Или можно было перевести его в охрану фамильного замка Хольгов, подальше от столицы. Чтобы ноги его не было в Кольруде!
И все было бы в порядке. Молодой идиот, сгоравший от неразделенной страсти и ревности, не проболтался бы разбойничьему лазутчику, тот не залез бы в усадьбу, не попался бы в ловушку и не навлек бы на его седую голову несмываемый позор и бесчестье. Он, Монк, по-прежнему был бы сотником и в охотку развлекался бы с Вейлой. А теперь он стал жалким рядовым, и проклятый Гумар – чтоб ему пусто было! – занял его место, поселился в его доме… О Вейле же, ставшей его законной женой, и думать невозможно без жгучего стыда и отвращения, после того что сделал с ней по приказу графа… Если бы мог – извернувшись, плюнул бы в собственную рожу! Ну почему, почему все эти несчастья случились именно с ним?! Ведь он не самый худший человек на земле… Какая ужасная и обидная несправедливость!
Полный жалости к себе и бессильной ярости на злую судьбу, Монк грохнул кулаком в дверь, не рассчитав силу удара, и тут же болезненно скривился, потирая ушибленные костяшки.
Ему открыла невысокая, плотная женщина с широким обветренным лицом, в темно-коричневом платье, белом накрахмаленном переднике и таком же кружевном чепце.
– Что угодно господину: отобедать или взять комнату? Или и то и другое? – низким грудным голосом спросила она.
– Обед, голубушка! На двоих, – уточнил Монк, указав через плечо большим пальцем на молодого стражника. – И передай-ка хозяину, пусть распорядится насчет наших лошадей.

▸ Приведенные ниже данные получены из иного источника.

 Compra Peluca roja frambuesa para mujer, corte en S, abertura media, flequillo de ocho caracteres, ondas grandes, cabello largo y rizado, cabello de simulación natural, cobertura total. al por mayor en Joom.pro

– А вот этого не передам, извините! – лукаво улыбнулась она.
– Почему? – недоуменно спросил бывший сотник.
– Потому что хозяина здесь нет.
– А где же он?
– Боги ведают! Может, когда и объявится…
Видя, как брови Монка поползли вверх, женщина рассмеялась:
– Да я, я хозяйка! Третий год как овдовела, сама за двором слежу. Встречу достойного человека – выйду за него, а нет – значит, не судьба… Проходите, почтенные гости! За лошадей не беспокойтесь – все сделают наилучшим образом.

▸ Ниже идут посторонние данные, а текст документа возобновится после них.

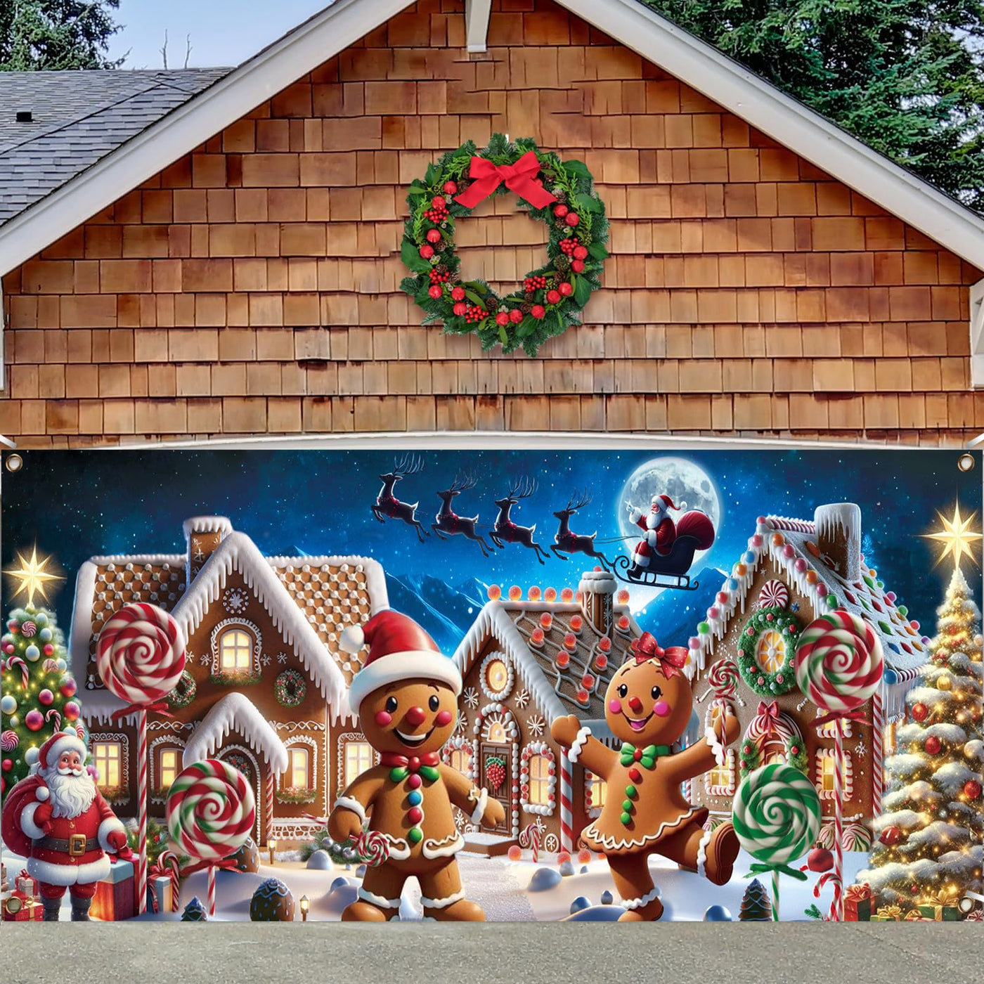Preboun 7 X 16 Ft Christmas Gingerbread House Garage Door Decoration Gingerbread Garage Door Banner Cover Peppermint Candy Cane

Эйрис, осторожно отставив опустевшую рюмку – она так и шевелилась в пальцах, норовя выскользнуть и укатиться, – подперла ладонью подбородок и с нескрываемой любовью посмотрела на кучера, молодецки опрокинувшего очередной стакан вина. Вишневая наливка привела ее в то блаженное состояние, когда жизнь по-прежнему кажется светлой и радостной, но уже тянет поговорить о ее смысле.
– Хороший ты парень, я вижу! – заявила она заплетающимся языком. – И твой господин тоже, судя по всему, человек что надо!
– Да уж, не жалуемся, – охотно подтвердил кучер.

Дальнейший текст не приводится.